>>>

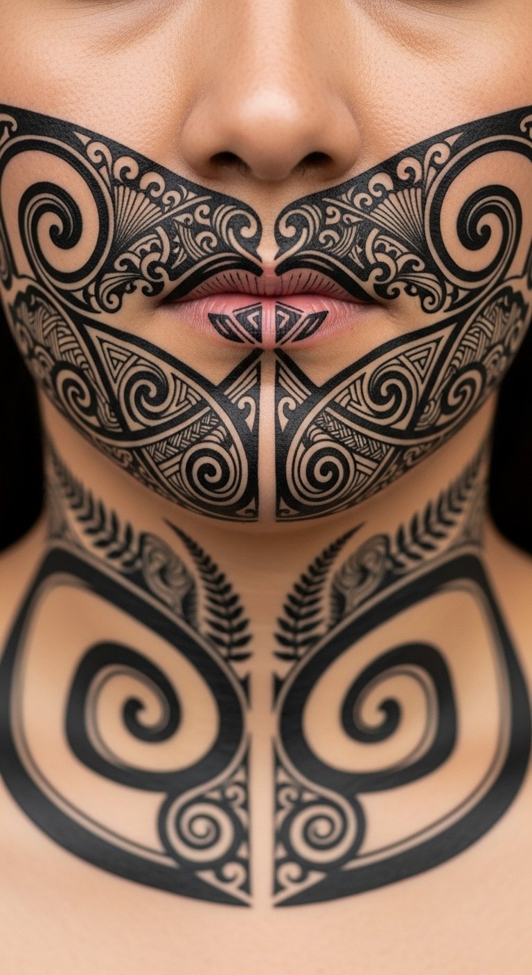 The design centers on koru curves for growth and fern elements for connection to land, with interlaced lines representing ancestral ties; emotionally it conveys pride, resilience, and reclaimed dignity, intended for chin placement following natural jaw contours to honor tradition and personal meaning.
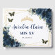 Navy Blue Floral Butterflies Gold Quinceanera 15 Guest Book
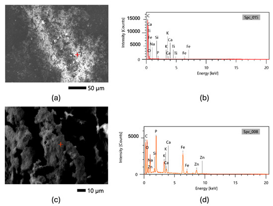 Scanning electron microscopic (SEM) images and results of SEM-EDX analysis of surfaces. (a) S1P-1 SEM image, (b) S1P-1 EDS chromatogram, (c) S2P-6 SEM image, (d) S2P-6 EDS chromatogram.
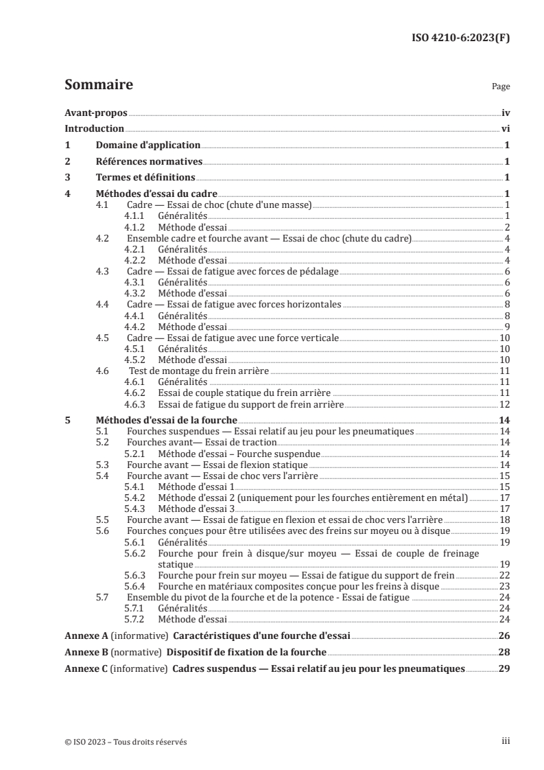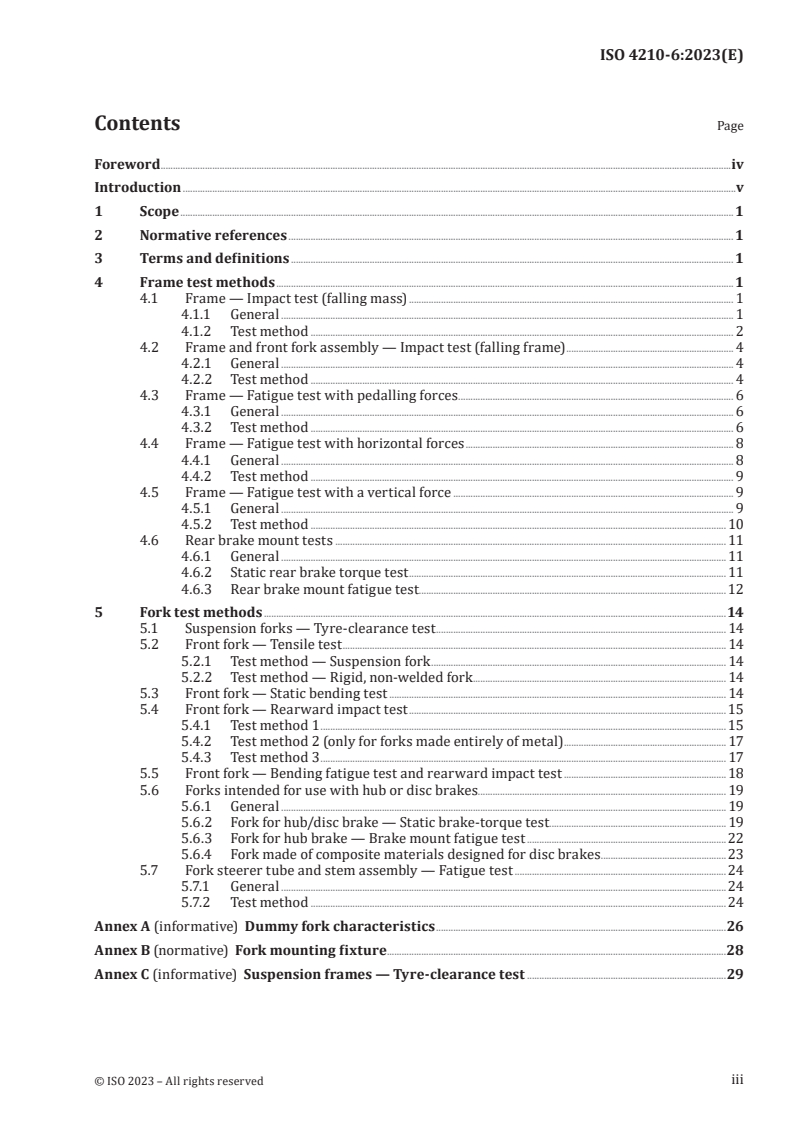 Keywords: ISO 4210-6:2023, bicycle frame test methods, fork test methods, bicycle safety standards, frame and fork fatigue test, impact test, brake mount test, suspension fork tyre clearance.
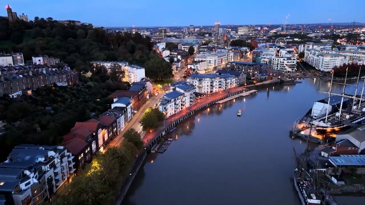 A bird’s eye view of Bristol’s Floating Harbour has been captured in a stunning new video.

<<<

● **WHAT NEEDS TO BE DONE**: Each line from the one containing "Keywords: ISO 4210-6:2023, bicycle" through the last line of the entries above is to be extracted exactly. Pictures are not part of the copy.

● **THE COMPLETED TASK**:
 Keywords: ISO 4210-6:2023, bicycle frame test methods, fork test methods, bicycle safety standards, frame and fork fatigue test, impact test, brake mount test, suspension fork tyre clearance.
 A bird’s eye view of Bristol’s Floating Harbour has been captured in a stunning new video.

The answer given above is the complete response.